Part 19 of 58
The Same Eyes Everywhere
By Madhav Kaushish · Ages 12+
The sliding-window approach worked well. But Trviksha had not yet appreciated how dramatically it changed the economics of the network.
Counting the Pebbles
Blortz, ever the bookkeeper, did the arithmetic.
Blortz: Your old fully connected network took four hundred inputs and connected each one to each hidden velociraptor. With sixteen hidden velociraptors, that was four hundred times sixteen weights — six thousand four hundred weight arrangements. Plus sixteen weights from the hidden layer to the output. Six thousand four hundred and sixteen weights in total.
Trviksha: That sounds right.
Blortz: Your new sliding-window approach has nine weights.
Trviksha: Nine.
Blortz: Nine weights, applied at every position on a 20×20 grid. The same nine weights, reused approximately three hundred and twenty-four times. Nine pebble arrangements on one shelf versus six thousand four hundred on sixty shelves. The storage difference is enormous.
Nine weights versus six thousand four hundred. The convolutional approach used less than one-seventh of one percent of the fully connected approach's parameters. And it worked better.
Why Fewer Is Better
Trviksha: It is not just that fewer weights are cheaper to store and faster to adjust. Fewer weights actually produce a better model.
Glagalbagal: How can knowing less lead to better predictions?
Trviksha: The fully connected network had six thousand four hundred chances to memorize. Each weight could encode a position-specific quirk — "plot 17 tends to be blighted in the training fields." With that many free parameters and only forty training fields, the network had more than enough capacity to memorize every field individually.
The convolutional network had nine chances to encode knowledge. Nine weights had to capture everything the network knew about what blight looked like. There was no room to memorize specific fields or specific positions. The nine weights could only encode the general pattern — and the general pattern was what Kvrothja needed.
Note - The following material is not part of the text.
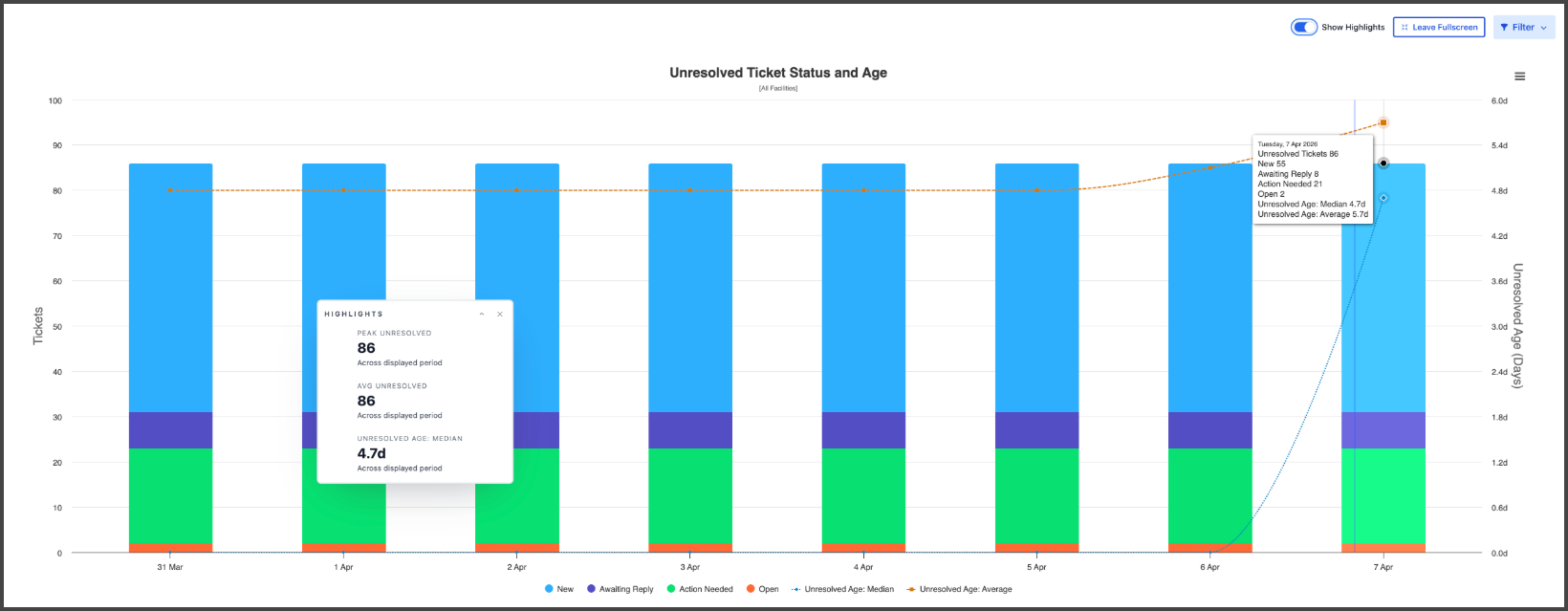 Track unresolved tickets by status and see how long they stay open. Use day, month, or year views to spot backlog spikes and aging trends across facilities

Blortz: Fewer weights force generalization. The network cannot memorize because it does not have enough capacity. It must learn the rule.
Trviksha: And the rule is the same everywhere in the field, which is exactly what the shared weights assume. The assumption matches the reality. A disease cluster genuinely does look the same regardless of position. So the constraint — "use the same weights everywhere" — is not a limitation. It is correct.
The Comparison
To confirm, Trviksha trained both architectures on the same forty fields with the same train/test split and the same regularization:
| Architecture | Weights | Training accuracy | Test accuracy |
|---|---|---|---|
| Fully connected (16 hidden) | 6,416 | 94% | 76% |
| Sliding window (3×3) | 9 | 86% | 88% |
The fully connected network had higher training accuracy but lower test accuracy — classic overfitting. The sliding window had lower training accuracy (it could not memorize) but higher test accuracy (it had learned the right thing).

Kvrothja: The simpler system is better?
Trviksha: The simpler system is better because its simplicity matches the problem. The data has spatial structure. The sliding window respects that structure — same weights everywhere, local patches only. The fully connected network ignores the structure and wastes its capacity learning things that are not true in general.
Blortz: If the data did not have spatial structure — if the pattern were different at every position — the sliding window would fail, because its assumption would be wrong.
Trviksha: Correct. The sliding window works because the assumption of translation invariance holds for this data. For data where it does not hold — patient records, for instance, where each column means something different — you would not use this approach.
The lesson was not that fewer weights are always better. It was that encoding the right assumptions into the architecture can dramatically reduce the number of weights needed, while simultaneously improving performance. Knowing the structure of the problem allowed Trviksha to build a network that was both smaller and smarter.